**WORK REQUIRED**
Please give back the listing below word for word and drop any images.

**PROVIDED MATERIAL**
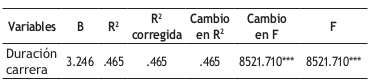 Con el fin de contrastar la capacidad predictiva de la duración de la carrera criminal sobre el número de reincidencias, se realizó un análisis de regresión múltiple, verificando en la Tabla 8 que la duración de la carrera criminal explica el 46.5% de la variabilidad de la reincidencia (R2 corregida = 0.465), a mayor duración de la carrera, mayor es la reincidencia ( B = 3.246).
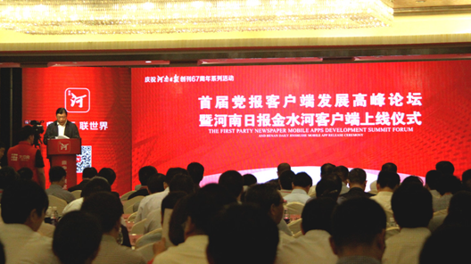 为贯彻落实中共中央政治局委员、中央书记处书记、中宣部部长刘奇葆河南调研讲话精神,深入推进媒体的融合发展,首届党报客户端发展高峰论坛暨河南日报金水河客户端上线仪式于6月1日上午在郑州大河锦江酒店举行,河南省副省长张广智出席活动并作重要讲话。
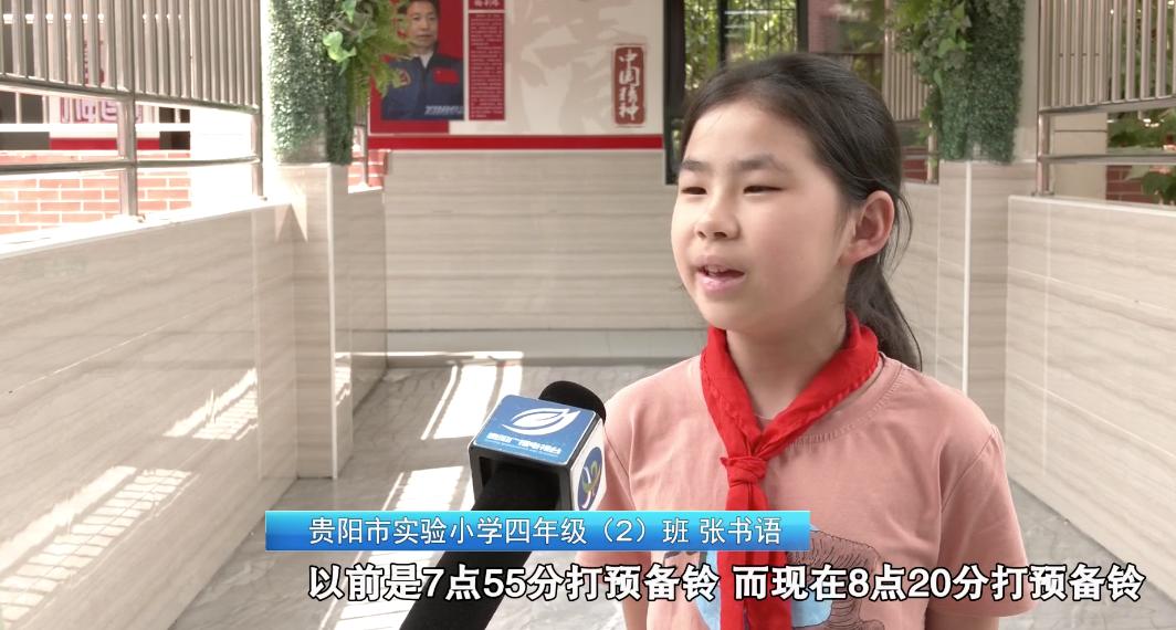 贵阳市实验小学四年级(2)班 张书语:以前是7点55打预备铃,而现在8点20打预备铃。下午以前是5点放学,现在实行托管,如果要进行托管,则是5点30放学,不托管4点就可以走了。

**REPLY**
 Con el fin de contrastar la capacidad predictiva de la duración de la carrera criminal sobre el número de reincidencias, se realizó un análisis de regresión múltiple, verificando en la Tabla 8 que la duración de la carrera criminal explica el 46.5% de la variabilidad de la reincidencia (R2 corregida = 0.465), a mayor duración de la carrera, mayor es la reincidencia ( B = 3.246).
 为贯彻落实中共中央政治局委员、中央书记处书记、中宣部部长刘奇葆河南调研讲话精神,深入推进媒体的融合发展,首届党报客户端发展高峰论坛暨河南日报金水河客户端上线仪式于6月1日上午在郑州大河锦江酒店举行,河南省副省长张广智出席活动并作重要讲话。
 贵阳市实验小学四年级(2)班 张书语:以前是7点55打预备铃,而现在8点20打预备铃。下午以前是5点放学,现在实行托管,如果要进行托管,则是5点30放学,不托管4点就可以走了。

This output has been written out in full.